### WORK INSTRUCTION
Everything below from the line with "JEEP帐篷户外天幕一体折叠" through the line with "相撲の技にたとえた表現に思わ" must be retyped exactly, except the pictures.

### RECORDS SHOWN

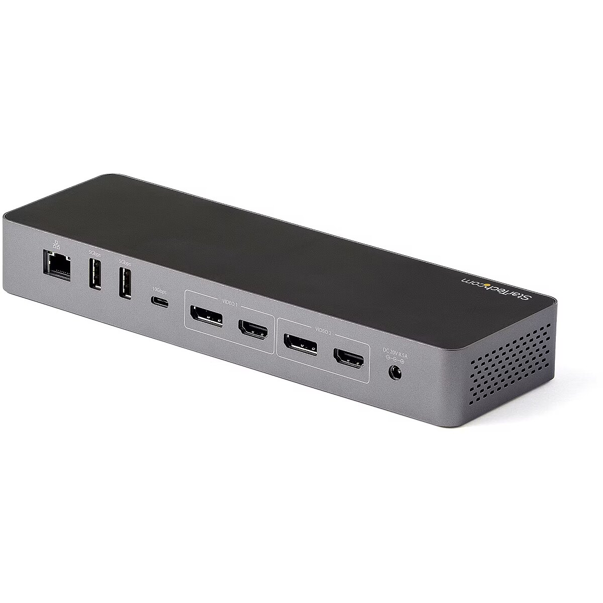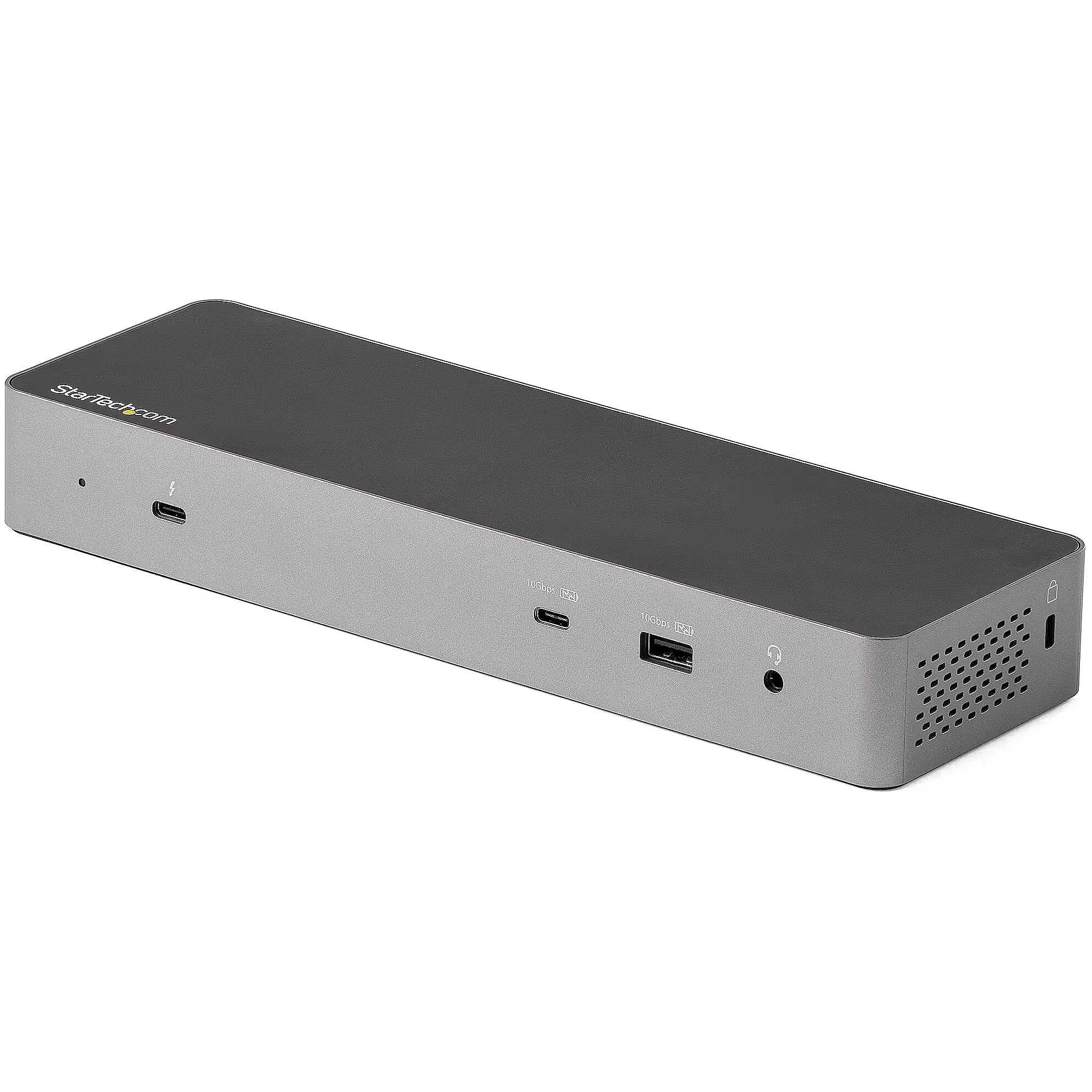 LongDesc - Dual DP 4K 60Hz or Dual HDMI 2.0 Monitors | macOS & Windows®| 5x USB 3.0 Ports | 96W PD | 0.8 m CableA high-performance Thunderbolt™ 3 Certified docking station with USB Type-C compatibility featuring dual monitor 4K 60Hz DSC support from either Dual DisplayPort or dual HDMI 2.0 video outputs, 96W Power Delivery (100W peak power), 5x USB 3.2 Hub with 2x BC 1.2 fast charging ports, gigabit Ethernet (PXE Boot/Wake-on-LAN) & headset ports.Flexible Dual Display OutputsThis universal docking station features both dual DisplayPort 1.4 (Single 8K30 on HBR3 host) and dual HDMI video outputs that can be configured in three different ways:DisplayPort + DisplayPortHDMI + HDMIDisplayPort + HDMIResolutions and video outputs are host-dependent.Thunderbolt 3 or 4 LaptopSingle MonitorDual MonitorsIntel Laptops with 11th Gen or Later8K 30Hz / 5K 60Hz / 4K 60Hz4K 60HzIntel Laptops with 10th Gen or Earlier5K 60Hz / 4K 60Hz4K 60HzApple M1 & M2 Pro/Max MacBooks5K 60Hz / 4K 60Hz4K 60HzApple M1 & M2 MacBooks5K 60Hz / 4K 60HzMirrored Display OnlyIntel Based Macbook's with Thunderbolt 35K 60Hz / 4K 60Hz4K 60HzUSB-C Laptop (No Thunderbolt)Single MonitorDual MonitorsLaptops with Intel 10th Gen or Later(Requires DP 1.4 Alt Mode)4K 60Hz4K 30HzLaptops with DP 1.2 Alt Mode4K 30Hz1080p 60HzMore Downstream USB PortsFeaturing an integrated USB 3.2 hub, this docking station has 5 downstream USB ports:Front Facing:• 1x USB 3.2 Gen 2 Type-C (10 Gbps) with 15W (3A, 5V) Charging• 1x USB 3.2 Gen 2 Type-A (10 Gbps) with B.C. 1.2 Fast-ChargingBack Facing:• 2x USB 3.2 Gen 1 Type-A (5 Gbps)• 1x USB 3.2 Gen 2 Type-C (10 Gbps)Easy to Set Up & ManageThis universal Thunderbolt 3 / USB-C Dock has an automatic driver setup and includes a longer 0.8 meter (2.6 ft) Thunderbolt 3 host cable, front-facing TB3/USB-C host port, front-facing LED indicator, mounting holes for the optional bracket, k-slot for security lock & MAC address changer utility.Enhance Productivity and Device Management with the StarTech.com Connectivity Tools ApplicationDeveloped to improve performance and security, StarTech.com Connectivity Tools is the only software suite on the market that works with a wide range of IT connectivity accessories. The software suite includes:•Advanced Windows Layout Utility : To setup and save custom windows layouts.•Mac Address Pass-Through Utility : To improve network security.•USB Event Monitoring Utility : To track and log connected USB devices•Wi-Fi Auto Switch Utility : Enabling users to quickly access faster network speeds via wired LAN.For more information and to download the StarTech.com Connectivity Tools application, please visit: www.StarTech.com/Connectivity-ToolsTB3CDK2DHUE is backed by a StarTech.com three-year warranty and free lifetime technical support.The StarTech.com Advantage
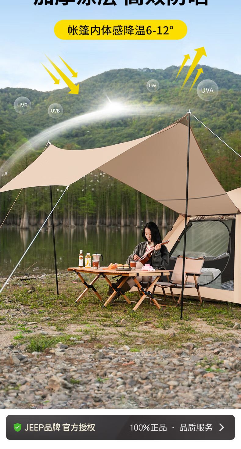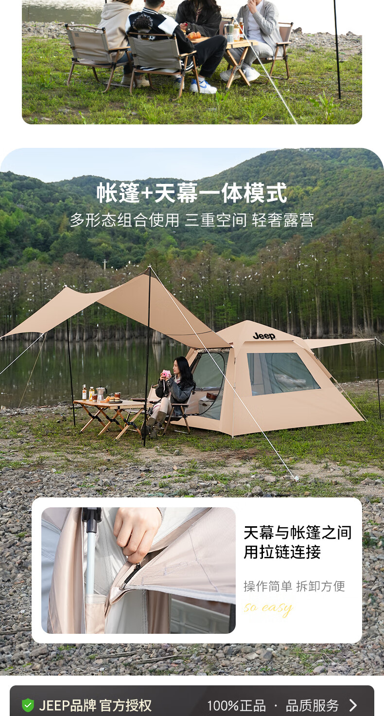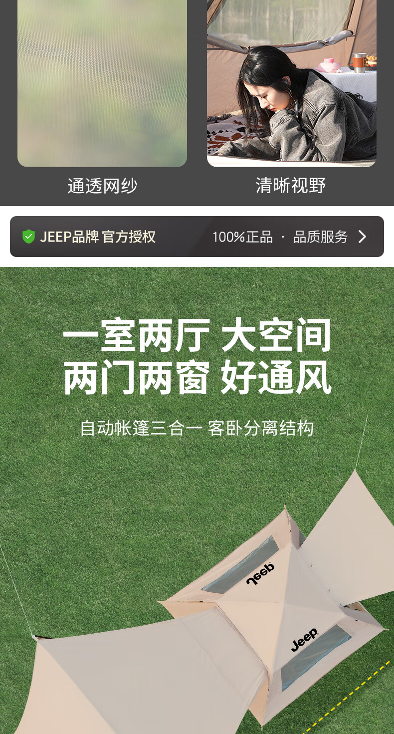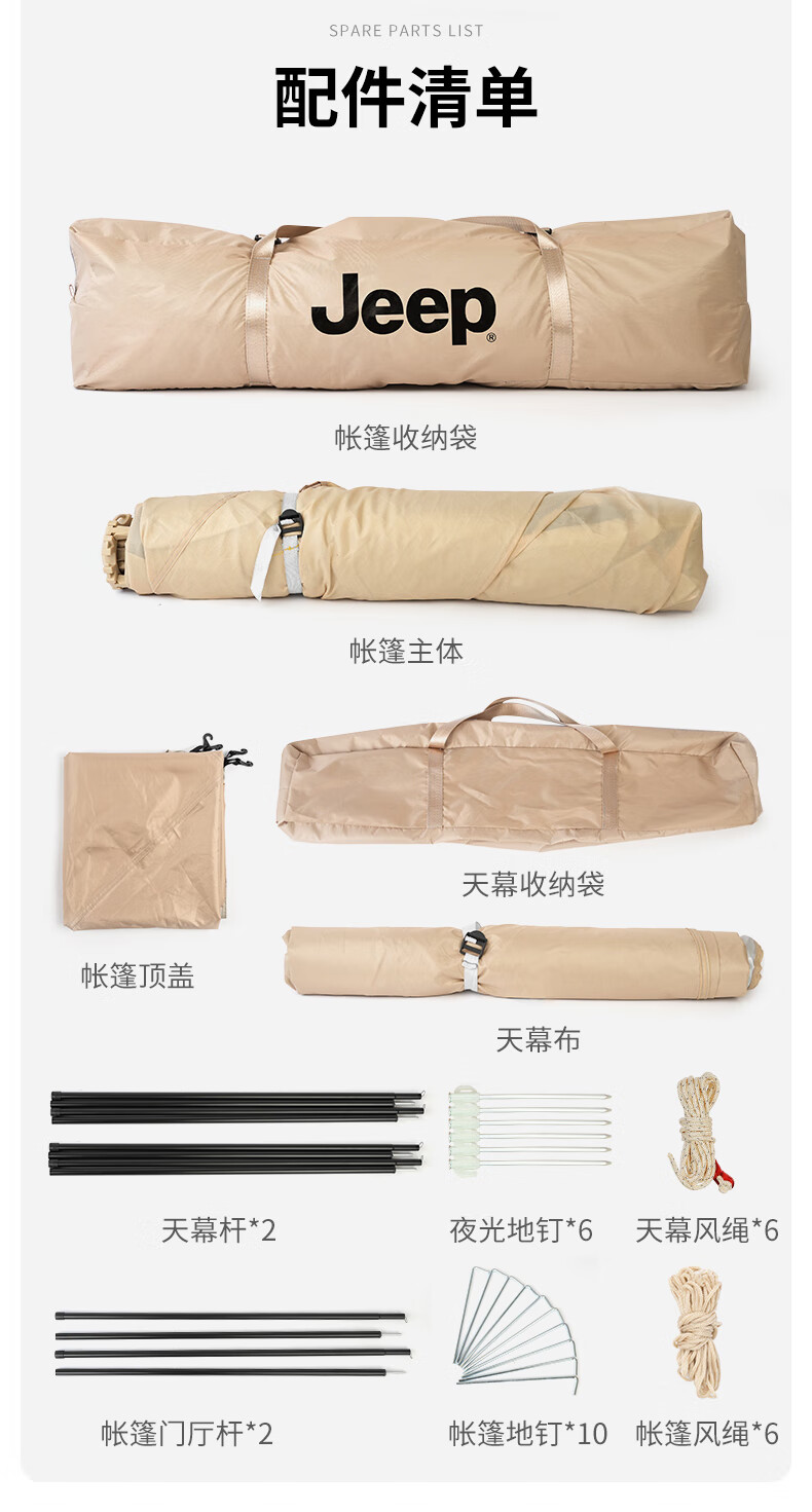 JEEP帐篷户外天幕一体折叠便捷式野外装备全套自动露营防蚊 5-8人天幕帐篷【一室两厅】
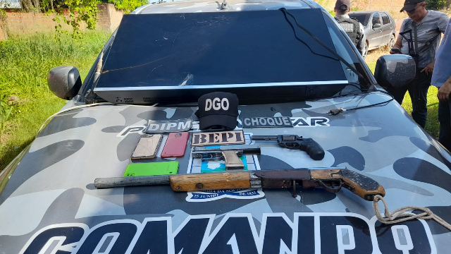 As armas são duas pistolas do assalto, uma escopeta calibre 12 e uma quarta, de fabricação caseira. Uma televisão que seria do assalto a residência do policial foi recuperada na incursão. Os indivíduos e todo o material foi encaminhado para a Central de Flagrantes para os procedimentos cabíveis.
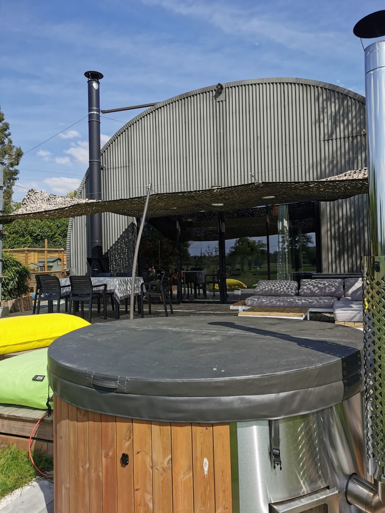 - une terrasse en bois de 50 m2 avec cuisine d'été et bain nordique,
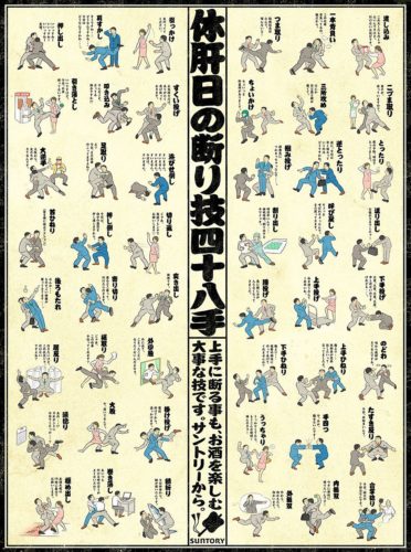 相撲の技にたとえた表現に思わず笑ってしまいます。サントリーが出しているポスターで、他にもフィギュアスケートやサッカーバージョンもあるようです。
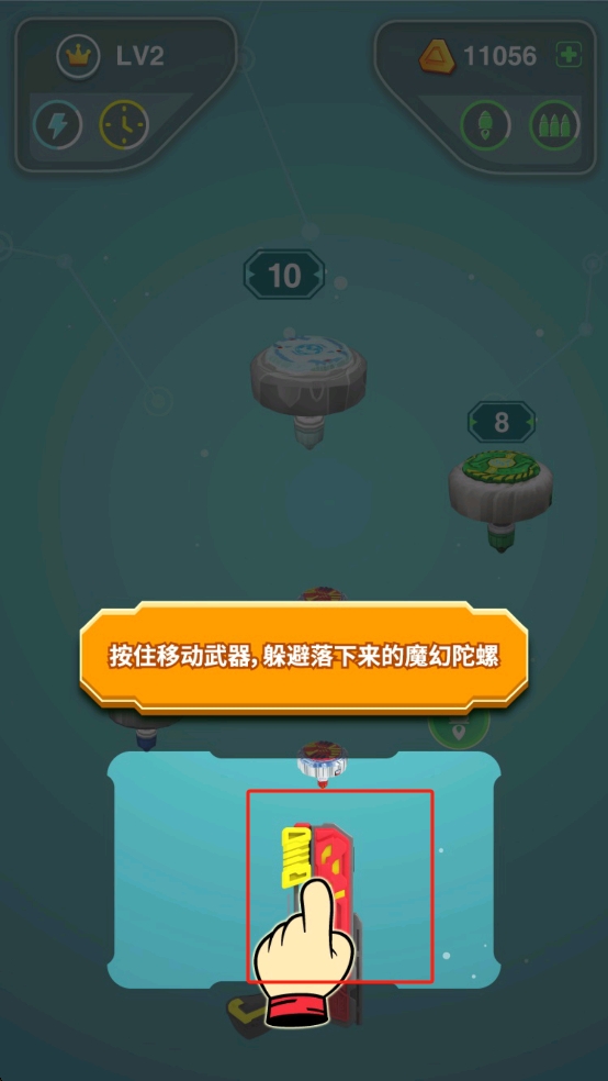 1、进入引导关卡,长按提示的武器按钮移动,紧盯上方下落的魔幻陀螺,预判轨迹灵活避让,保证武器不被撞击。
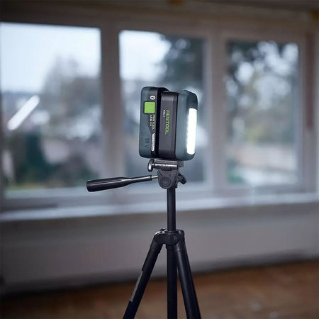 Ready for use: Small, light and compact and simply always at hand. Fits into the Systainer battery compartment or toolbox. Bright: At 1200 lumens, uniform illumination of the work area and reduced shadowing. Flexible: Brightness adjustable to three levels (300/600/1200 lumens). Replicates daylight: Natural light colour (5000 K) for an optimum working light. Versatile: Lamp head can be swivelled to any point between 0 and 180°, and can also be hung on a hook or positioned on a tripod. Compact: Particularly suitable for confined spaces and hard-to-reach work areas. Long-lasting: Robust and shock-proof, dust and splash-proof housing. Long-lasting: Lights up for 90 minutes per Ah, i.e. six hours with a 4.0 Ah battery pack at the brightest level. Compatible: With all Festool battery packs (except Ergo pack). with 24 LEDs, three brightness levels and up to 1200 lumens for the optimum illumination of the work area within 1–2 metres

### SOLUTION
 JEEP帐篷户外天幕一体折叠便捷式野外装备全套自动露营防蚊 5-8人天幕帐篷【一室两厅】
 As armas são duas pistolas do assalto, uma escopeta calibre 12 e uma quarta, de fabricação caseira. Uma televisão que seria do assalto a residência do policial foi recuperada na incursão. Os indivíduos e todo o material foi encaminhado para a Central de Flagrantes para os procedimentos cabíveis.
 - une terrasse en bois de 50 m2 avec cuisine d'été et bain nordique,
 相撲の技にたとえた表現に思わず笑ってしまいます。サントリーが出しているポスターで、他にもフィギュアスケートやサッカーバージョンもあるようです。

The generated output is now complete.